Because they have already completed an environmental study for the area stated in their request and acquired the corresponding property, any money awarded to this part of the project would go to IDOT to award the bid to a construction company, Kiehna said. 

Last year, the commission secured an earmark in the state budget for $15 million to conduct necessary environmental planning work for the first section of the connector, which will bridge Waterloo to Red Bud and Route 154 east of Sparta. Kiehna said he expects to receive the money in fiscal year 2023 and hopes to start the project soon.
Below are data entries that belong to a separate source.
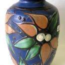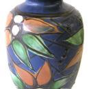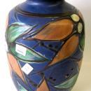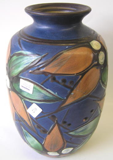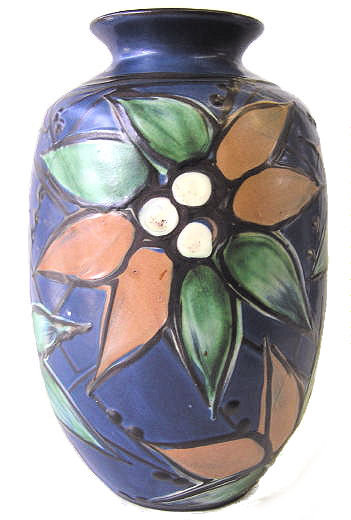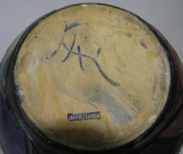 This lovely old Danish ceramic vase, designed by Herman Kahler, measures 10.5" high by 6" in diameter and weighs 3 lbs. 9 oz. Impressed mark "DANMARK" and hand-inscribed mark " H K ".
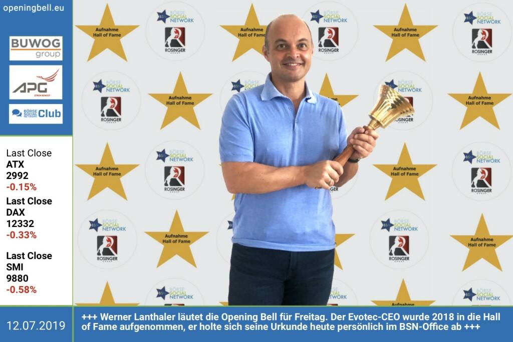 12.7.: Werner Lanthaler läutet die Opening Bell für Freitag. Der Evotec-CEO wurde 2018 in die Hall of Fame aufgenommen, er holte sich seine Urkunde heute persönlich im BSN-Office ab. https://www.evotec.com/de https://www.facebook.com/groups/GeldanlageNetwork
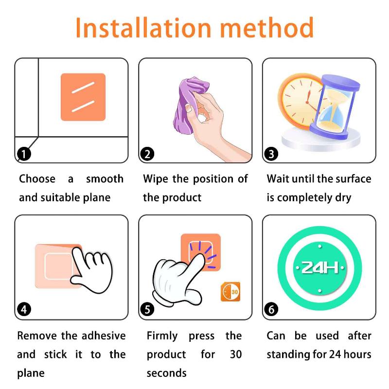 No Need To Drill And No Need To Damage The Wall Stick Wherever You Need. Smooth Mute In Swinging With 180 Swivel Design. Notes: When Installation Please Make Sure The Wall Is Smooth Clean And Dry.
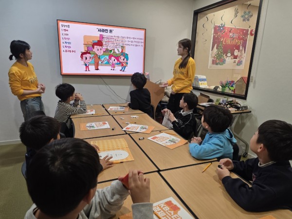 1차시 화폐가 태어났어요 이론 강의(조은빈): 자기 소개를 한 후, '사라진 돈' 이야기를 아이들과 함께 읽으며 물물교환의 불편함에 대해 토론해보았습니다. 물물교환에 관한 간단한 이론 설명과 교환 게임을 통해서 화폐의 필요성을 배웠습니다.
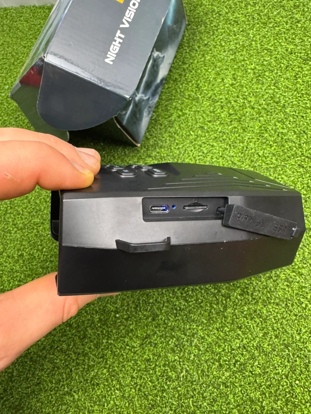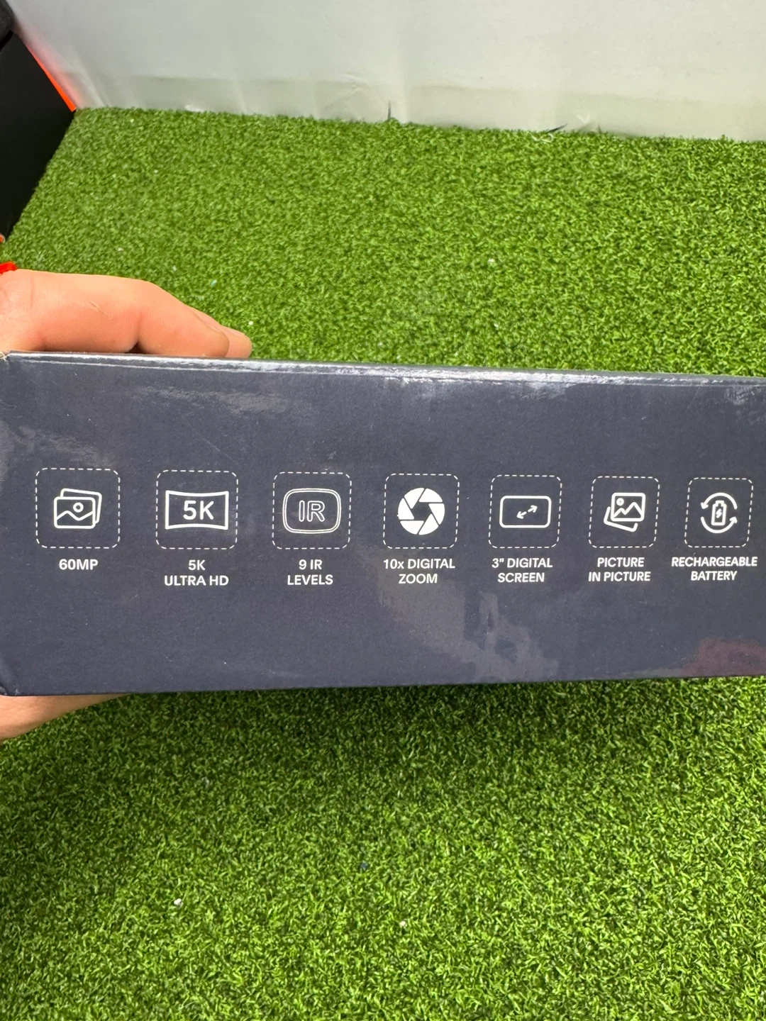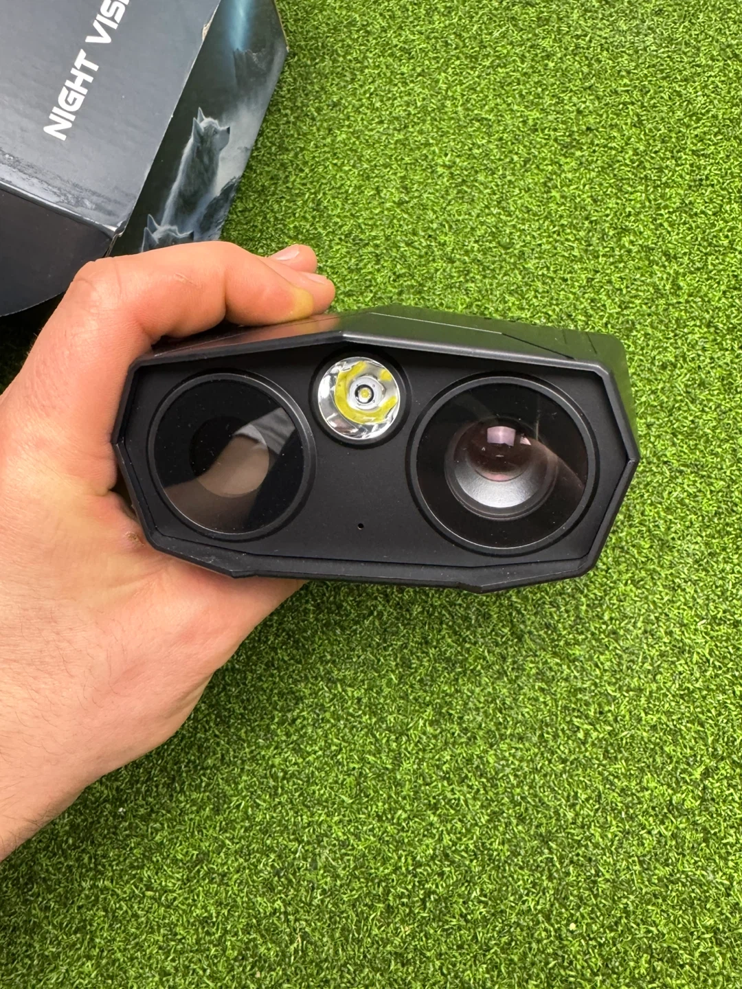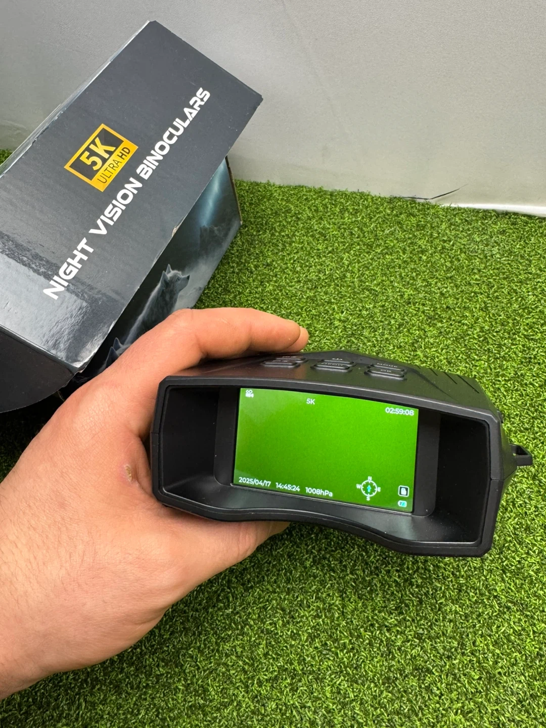 These 5K Ultra HD night vision binoculars are black and come with a focus wheel. They feature USB and TF card slots. Includes original box. These are great for nighttime observation!

The connector and its various benefits – which include easier access to hospitals, safety and those related to business – has been talked about for a long time before the Southwest Illinois Connector Task Force was even formed in 2018, according to Kiehna, and so he said the coalition is very excited to know the project is gaining momentum. 

“Putting a four-lane in the metro area connecting to the south has been talked about since the late ‘60s. We’re talking probably about 50-60 years that people have realized that we need the ability to move back and forth to the St. Louis area from down south.”